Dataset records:
::::::
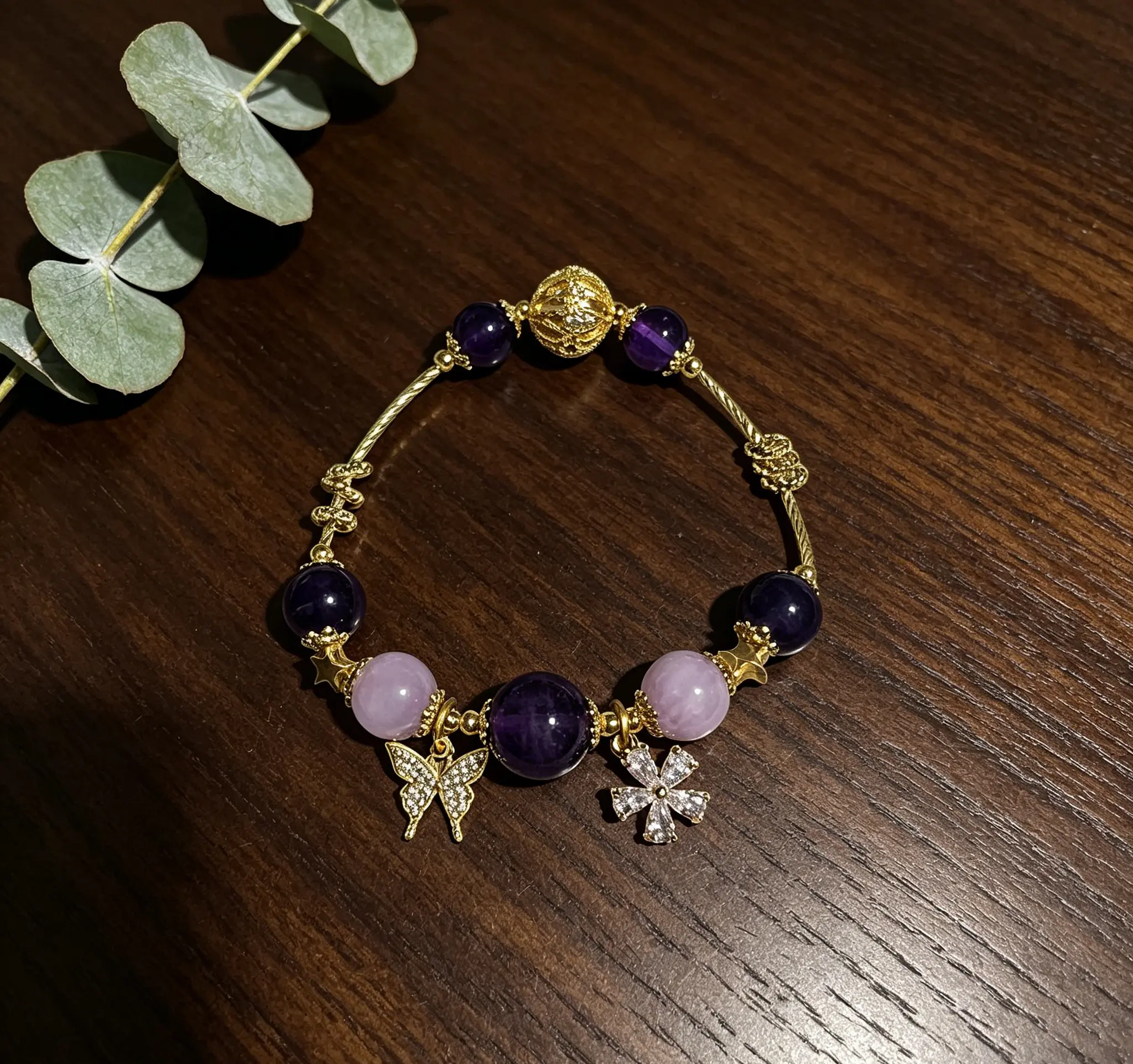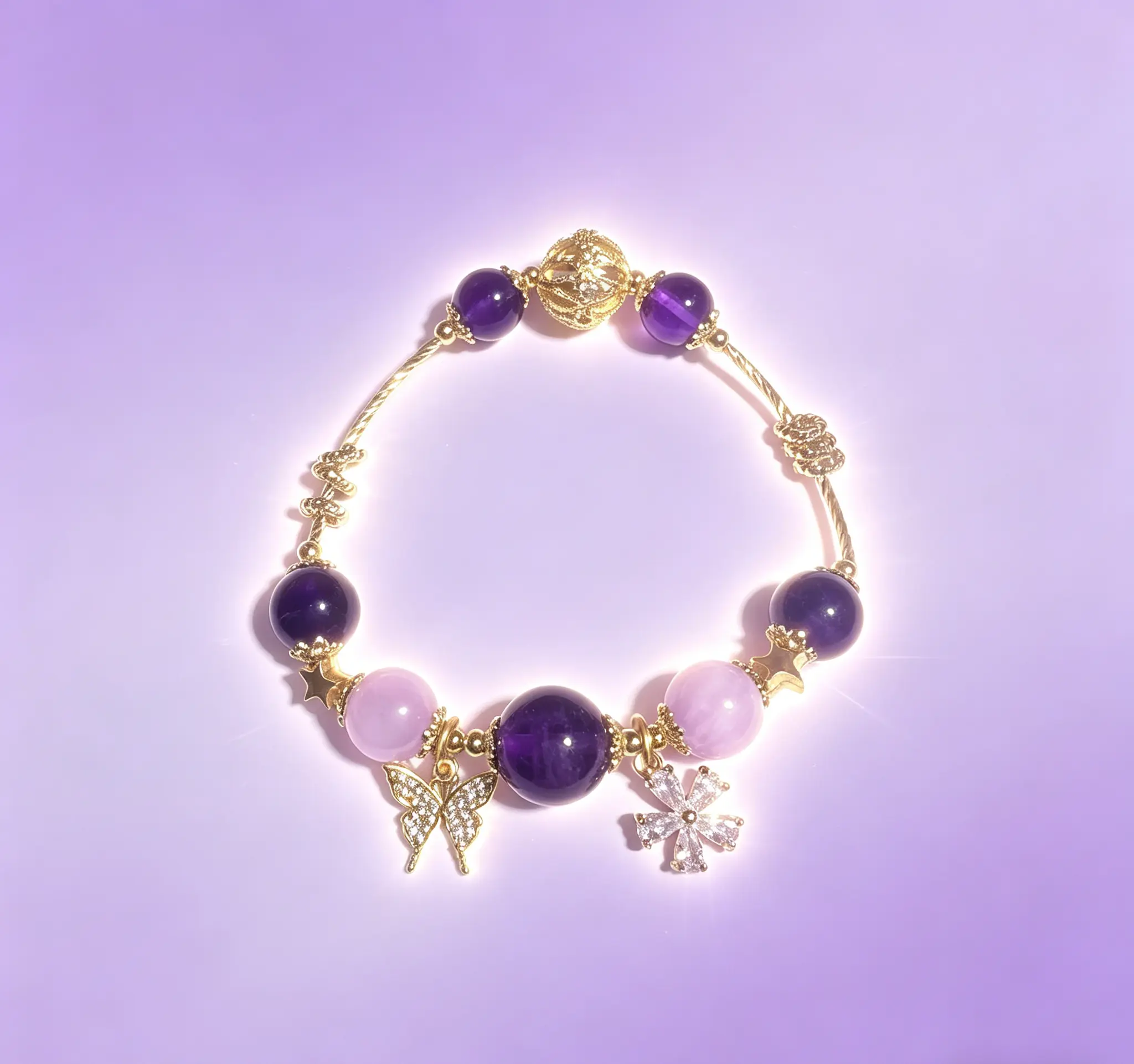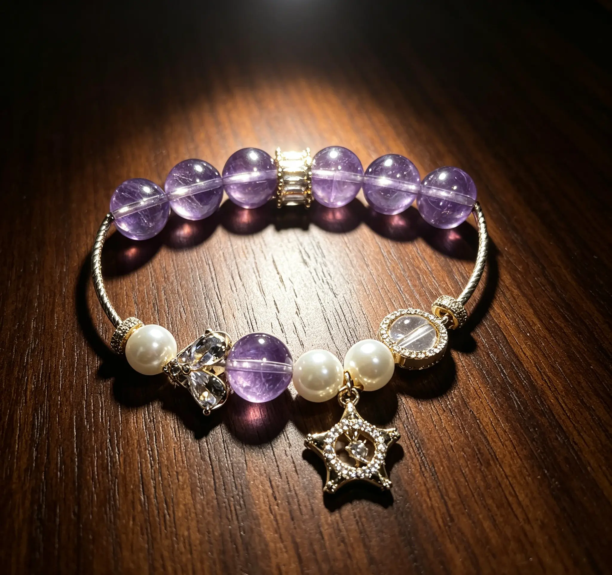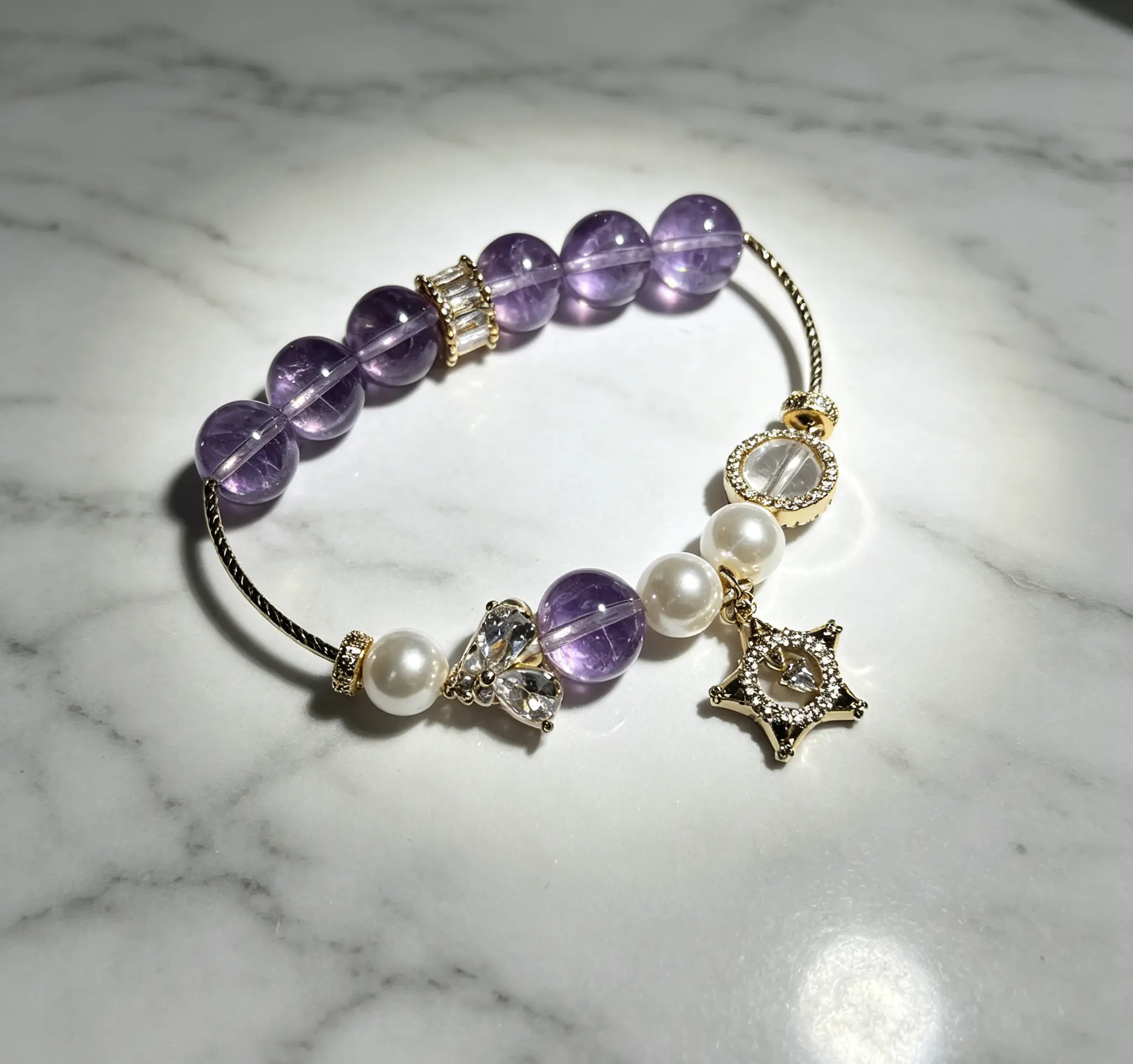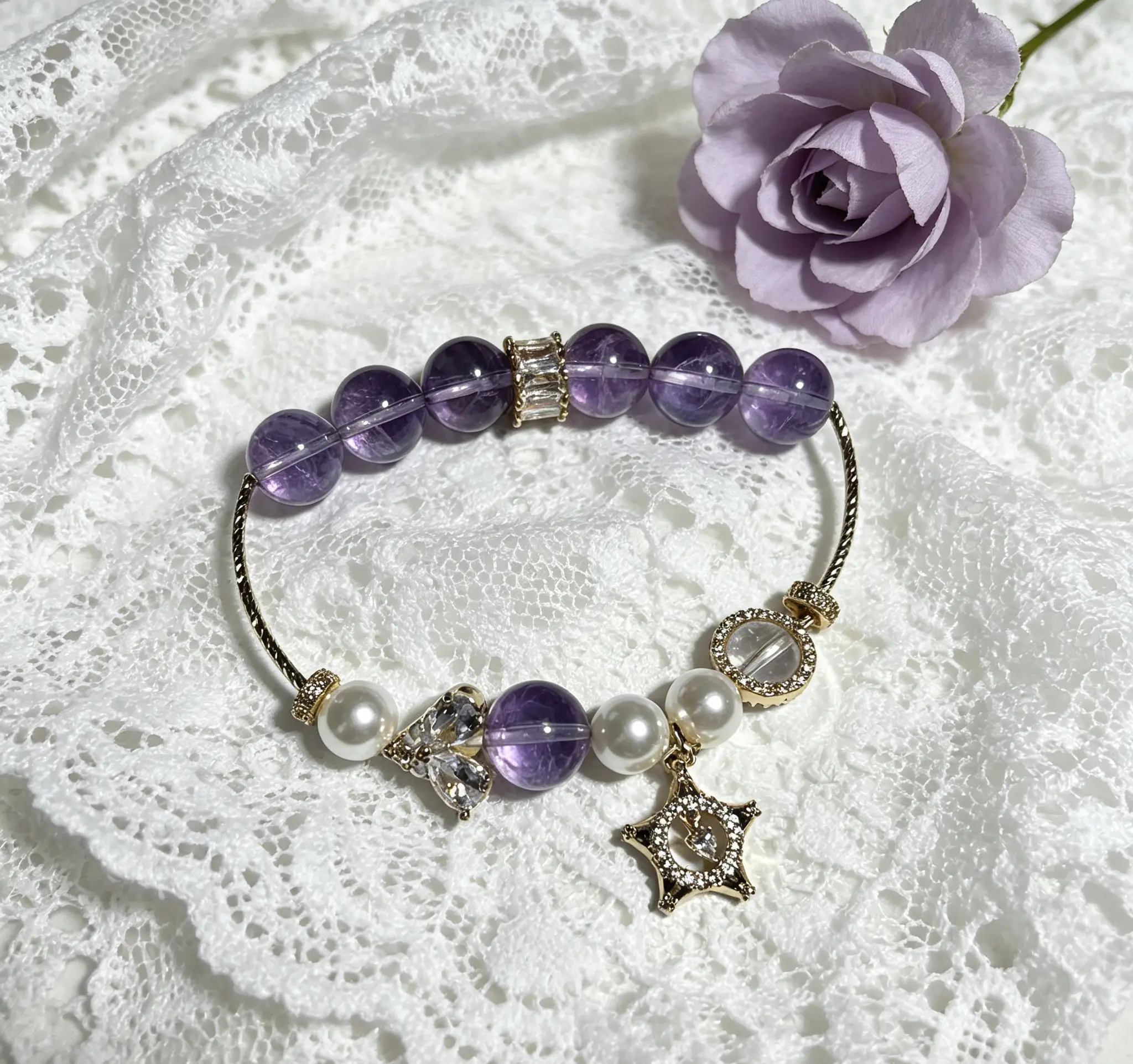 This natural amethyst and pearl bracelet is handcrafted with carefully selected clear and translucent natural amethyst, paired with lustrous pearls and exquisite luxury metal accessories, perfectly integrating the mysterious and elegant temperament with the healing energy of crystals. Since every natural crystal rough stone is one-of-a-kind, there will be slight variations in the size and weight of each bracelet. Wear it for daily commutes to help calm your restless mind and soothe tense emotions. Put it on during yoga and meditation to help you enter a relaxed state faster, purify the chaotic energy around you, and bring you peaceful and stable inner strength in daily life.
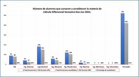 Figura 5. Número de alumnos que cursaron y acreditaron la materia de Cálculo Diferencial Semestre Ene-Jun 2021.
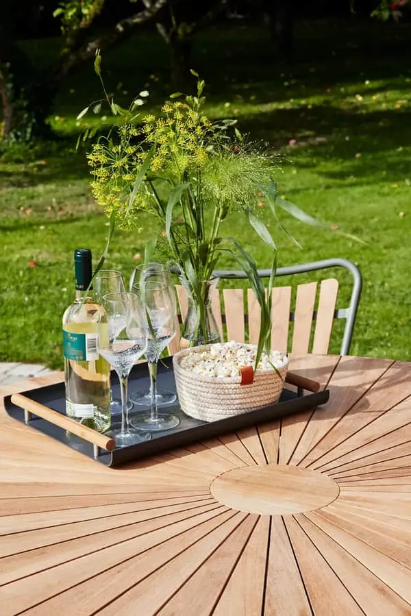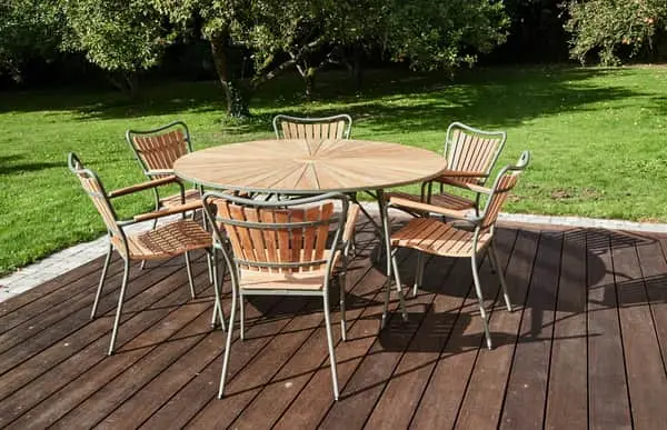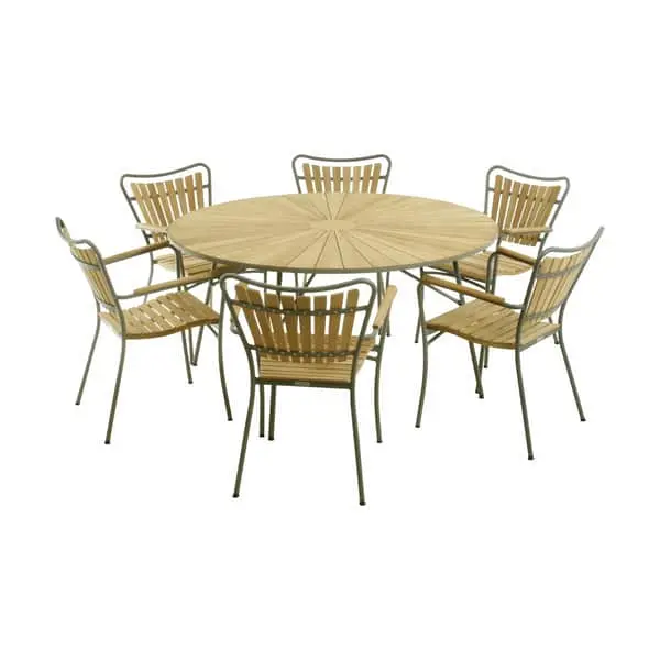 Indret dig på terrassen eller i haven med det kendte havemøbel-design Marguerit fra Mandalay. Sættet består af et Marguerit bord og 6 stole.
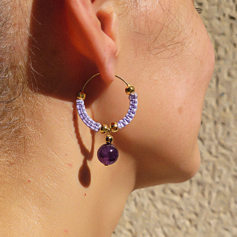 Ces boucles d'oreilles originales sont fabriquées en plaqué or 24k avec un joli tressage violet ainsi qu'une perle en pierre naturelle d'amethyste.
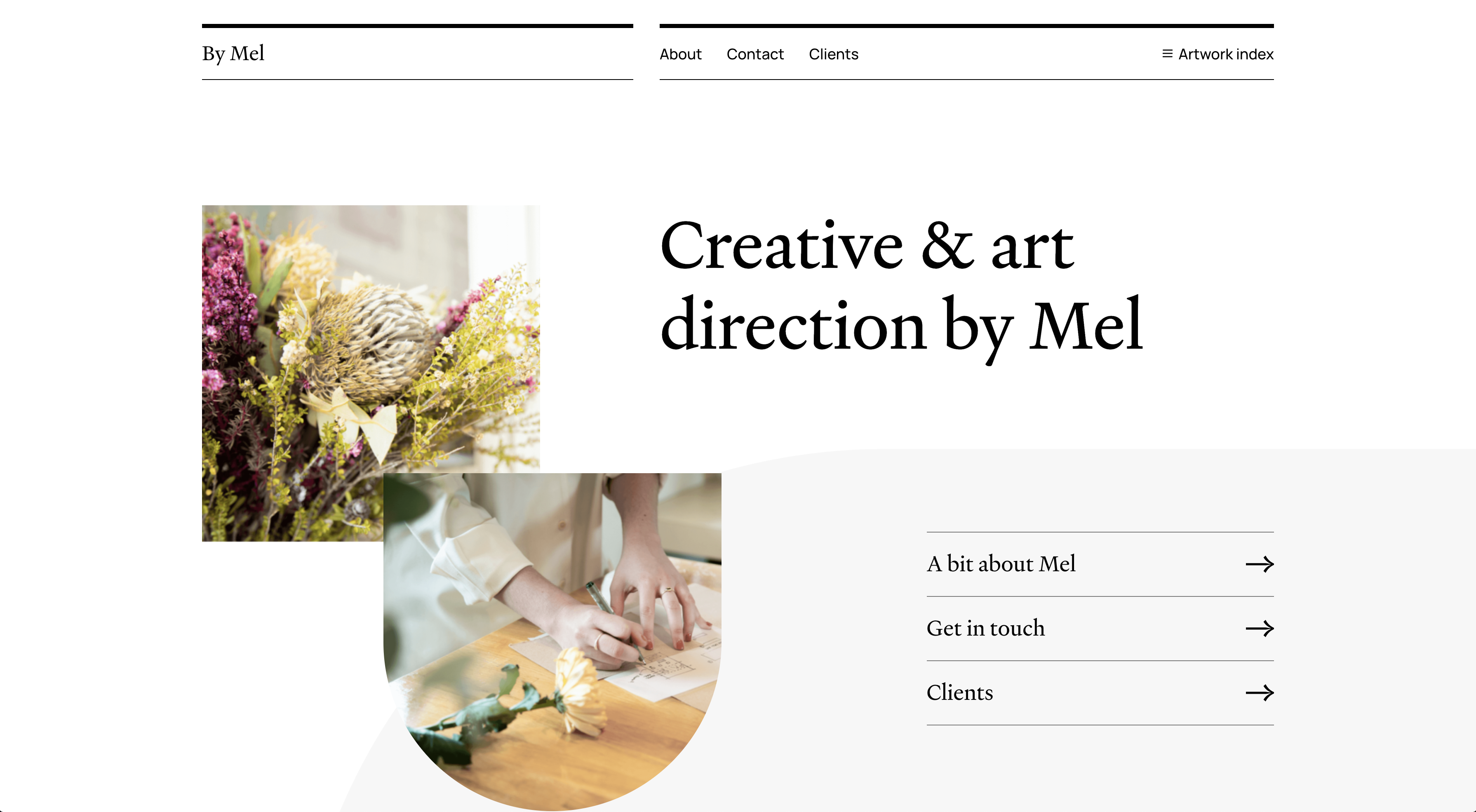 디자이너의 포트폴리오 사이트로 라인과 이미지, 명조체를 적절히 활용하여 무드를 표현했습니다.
::::::
Your goal:
Give the records a second time exactly, keeping the images out.

Exercise solution:
 This natural amethyst and pearl bracelet is handcrafted with carefully selected clear and translucent natural amethyst, paired with lustrous pearls and exquisite luxury metal accessories, perfectly integrating the mysterious and elegant temperament with the healing energy of crystals. Since every natural crystal rough stone is one-of-a-kind, there will be slight variations in the size and weight of each bracelet. Wear it for daily commutes to help calm your restless mind and soothe tense emotions. Put it on during yoga and meditation to help you enter a relaxed state faster, purify the chaotic energy around you, and bring you peaceful and stable inner strength in daily life.
 Figura 5. Número de alumnos que cursaron y acreditaron la materia de Cálculo Diferencial Semestre Ene-Jun 2021.
 Indret dig på terrassen eller i haven med det kendte havemøbel-design Marguerit fra Mandalay. Sættet består af et Marguerit bord og 6 stole.
 Ces boucles d'oreilles originales sont fabriquées en plaqué or 24k avec un joli tressage violet ainsi qu'une perle en pierre naturelle d'amethyste.
 디자이너의 포트폴리오 사이트로 라인과 이미지, 명조체를 적절히 활용하여 무드를 표현했습니다.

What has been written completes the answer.